A trivial example - I have a book from the early 90’s - “rec.humor.funny”. It basically reprints jokes from the usenet (good old days before WWW). It mentions that one particular joke (among a number of offensive jokes) cause a problem. (Basically, a joke that makes fun of Jewish people). It was followed on by being re-worked as an Irish joke. Someone complained.

This caused the University of Waterloo, a prominent Canadian university in computer science, to ban this usenet; while the American university hosts could not, because it would violate their constitutional guarantee of free speech. Simple and stupid, but this is the difference between real free speech and that which allows “reasonable limitations”.

But the “real free speech” takes away some of the voice of the people who are being diminished or denigrated by the “real free speech” because it biases the audience such that the diminished or denigrated people are simply not taken as seriously. This is part of why “reasonable limitations” are necessary to level the playing field.

Pity that neither Don Cherry not Donald Trump are participating in this thread, for each in their different ways may have ventured into the realm of willful promotion of hatred: Cherry by making a nationally publicized crack against immigrants that does not even come close to violating the law but was enough to get him fired, and Trump by repeatedly going on tirades against Muslims to the point that he could be accused of being a stochastic terrorist concerning the Québec mosque massacre. Where do you draw the lines between social disapproval, to restrictions on free speech, to criminal penalties?

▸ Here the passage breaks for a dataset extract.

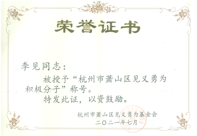 2021年8月2日上午,浙江卫邦保安公司驻闻涛小学保安班长李见被杭州市萧山区见义勇基金会授予“杭州市萧山区见义勇为积极分子”称号。

I don’t think that there is a simple answer to this, but because I would not want the baby to be thrown out with the bathwater, I am OK with the difficulty that exists in figuring out when the criminal law should be enforced. The ever so frustrating fuzzy-wuzzyness (fuzzy-wuzzyosity?) of the wording of the criminal code provision results in the authorities tending to tread carefully when considering whether or not to press charges, while at the same time I expect that there may be many people who temper their statements because they do not want to get into conflict with this law. The uncertainty of the law plays a significant role in maintaining a practical balance – Criminal Code (R.S.C., 1985, c. C-46), s.391: Don’t be a jerk.

The problem with this logic is of course who gets to decide what is denigrating and diminishing and so deserves to be curtailed. Typically, it’s the establishment. In Quebec for example, wearing a religious symbol while employed by the government is considered “going too far”. (Let’s be frank - they were willing to hit Yarmulkes and crosses on neck chains if necessary to take out turbans and hijabs).

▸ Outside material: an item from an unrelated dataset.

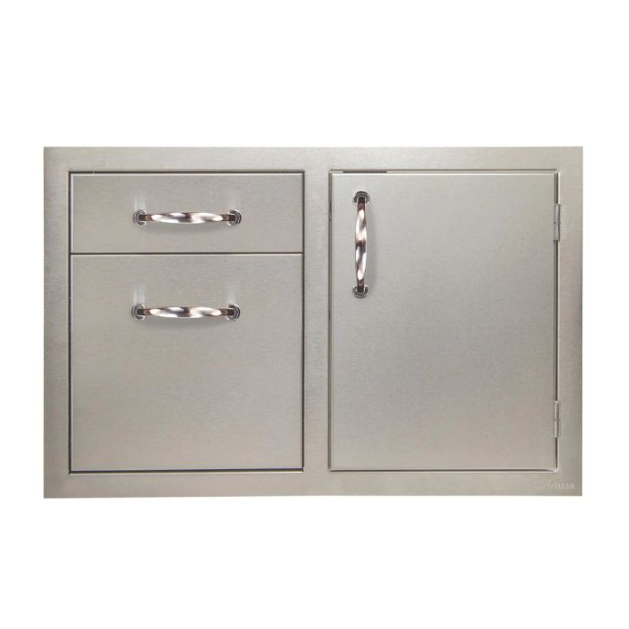 The Artisan door and drawer combination is constructed of 304 stainless steel to ensure long life, easy maintenance, and perfectly match your grill.Artisan ARTP-DDC-32SC Access Door and Double Drawer Combo, 32-Inch provides a premium component for your Artisan outdoor kitchen. Featuring high quality 304 stainless steel construction, these door and drawer unit been built to the same high standards as the rest of Artisan's outdoor kitchen products and features a matching design to easily incorporate into your space. These drawers add convenient storage space to your outdoor kitchen and feature full-length ball bearing slides for smooth operation, while the access door features an easy-close door with magnetic closures.
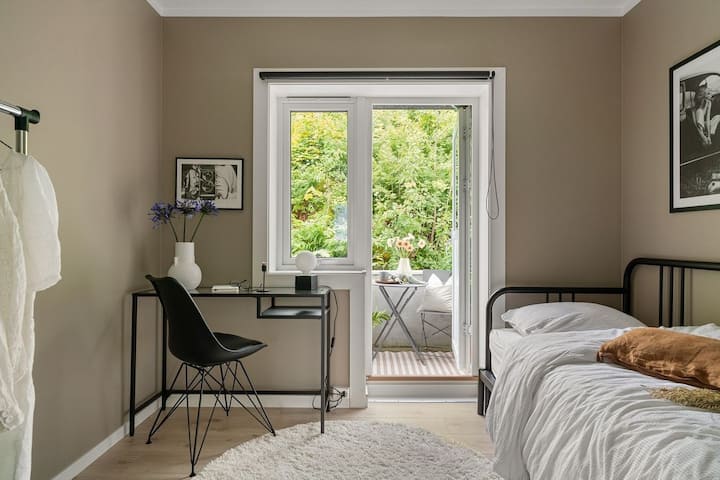 Izba s Wi-Fi, ktorá je vhodná na prácu.

When I was in college way way back when, the Communist party (parties) had their information table on campus. One of their tenets was “We believe in free speech, but not for fascists”. If you asked how they knew someone was fascist, their response was “they are fascist if we say they are fascist”. It appears things aren’t much different today with odious right wing speakers being blocked on campuses across North America… but at least it’s not the government doing the blocking.

This is the point in the discussion where someone brings up the quote about “when they came for the communists, I did not protest…”

Or… the quote about pornography “I can’t define it but I know it when I see it…” which brings to mind an attorney general who insisted a stylized statue of Blind Justice be draped, a modern fig-leafing. It’s all subjective.

The thing that gets me is - of all the tripe and just plain stupidity the unwashed say about immigrants (by which they really mean - “immigrants who don’t look/speak like us”) the complaint “they don’t wear a poppy” is something I have never heard before. Where the heck did that come from?